== COLLECTED DATA
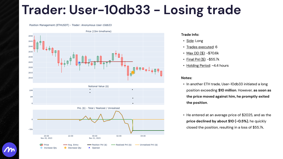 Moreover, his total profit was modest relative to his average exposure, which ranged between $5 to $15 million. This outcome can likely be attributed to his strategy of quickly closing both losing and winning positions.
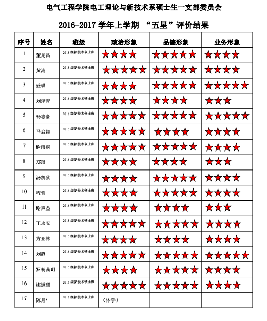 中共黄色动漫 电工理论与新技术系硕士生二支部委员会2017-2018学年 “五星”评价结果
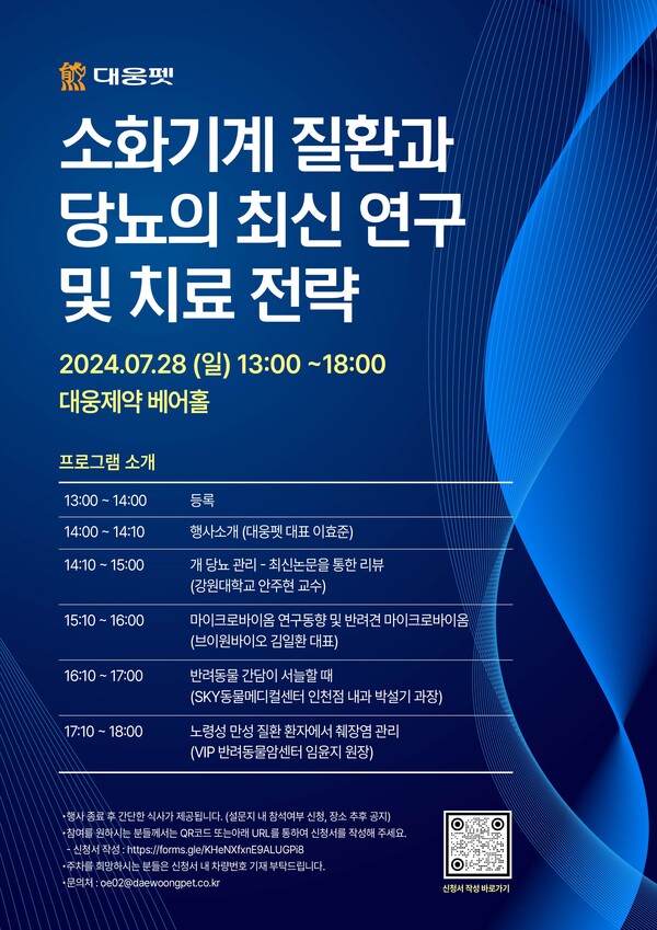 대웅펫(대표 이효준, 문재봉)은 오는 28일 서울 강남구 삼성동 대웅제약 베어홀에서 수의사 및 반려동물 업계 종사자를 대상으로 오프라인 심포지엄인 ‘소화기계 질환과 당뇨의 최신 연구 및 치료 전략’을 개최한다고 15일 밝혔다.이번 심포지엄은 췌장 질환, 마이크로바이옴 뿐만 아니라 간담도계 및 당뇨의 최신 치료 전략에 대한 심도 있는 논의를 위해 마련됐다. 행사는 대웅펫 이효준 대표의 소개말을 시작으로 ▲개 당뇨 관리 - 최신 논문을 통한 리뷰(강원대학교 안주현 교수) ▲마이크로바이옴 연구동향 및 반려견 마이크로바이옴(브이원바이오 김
====
PROBLEM =
Retype everything in the material word for word, minus pictures.

YOUR RESPONSE =
 Moreover, his total profit was modest relative to his average exposure, which ranged between $5 to $15 million. This outcome can likely be attributed to his strategy of quickly closing both losing and winning positions.
 中共黄色动漫 电工理论与新技术系硕士生二支部委员会2017-2018学年 “五星”评价结果
 대웅펫(대표 이효준, 문재봉)은 오는 28일 서울 강남구 삼성동 대웅제약 베어홀에서 수의사 및 반려동물 업계 종사자를 대상으로 오프라인 심포지엄인 ‘소화기계 질환과 당뇨의 최신 연구 및 치료 전략’을 개최한다고 15일 밝혔다.이번 심포지엄은 췌장 질환, 마이크로바이옴 뿐만 아니라 간담도계 및 당뇨의 최신 치료 전략에 대한 심도 있는 논의를 위해 마련됐다. 행사는 대웅펫 이효준 대표의 소개말을 시작으로 ▲개 당뇨 관리 - 최신 논문을 통한 리뷰(강원대학교 안주현 교수) ▲마이크로바이옴 연구동향 및 반려견 마이크로바이옴(브이원바이오 김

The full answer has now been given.